Gas discharge lamps used by the ancient Pharoahs? Hey, I didn't believe it either...
http://www.tmeg.com/artifacts/elect/a_elect.htm


----------



## EMPOWERTORCH (Jun 23, 2002)

*Re: World\'s oldest flashlight(?) and batteries!*

A couple of years ago, I went to a seminar by a guy called Jonathan Gray who talked about similar experiences. His interest was mainly in evidences of antedeluvian high technology. 
He has evidence to support the fact that there was electric light and aeroplanes powered by mercury vapour and that he had details of technology we have yet to master in he 20th century.

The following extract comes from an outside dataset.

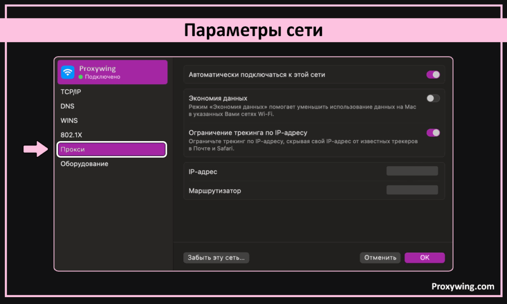 Браузер Brave построен на ядре Chromium, он не поддерживает настройку прокси внутри браузера. Но если вы настроите прокси на всю операционную систему то исходящие запросы в браузере будут направляться через прокси. Далее мы подробно разберем, как настроить прокси на Windows и macOS. Если вам нужно настроить прокси только для работы в браузере, вы можете воспользоваться расширением ProxyWing Proxy Manager, доступным для Chrome и Firefox. Подробнее о его возможностях и настройке можно узнать в подробной документации.

In aincient sanskrit writings he has found evidence of such ideas as mass telecommunications and television given in incredible detail.
Much of this writing pre-dates the Ark and the great Flood of Noah.
His findings have led to lots of different industrial giants beating a path to his door to try and discover some of the aincient technologies! Even the US military have tried to get information off him regarding aincient space travel! He isn't interested in making any money however, rather in bringing Biblical archaeology to the masses through his publications and video presentations.
Among his prized artefacts are a small piece of Ark wood and some brimstone balls found at Gomorrah by the dead sea.
Among the vdeo presentatons he shows us the aforementioned Egyptian light bulbs and the devestation of the Egyptian Army in the Gulf of Aquaba, part of the Red Sea.
A very interesting chap, you might say!


----------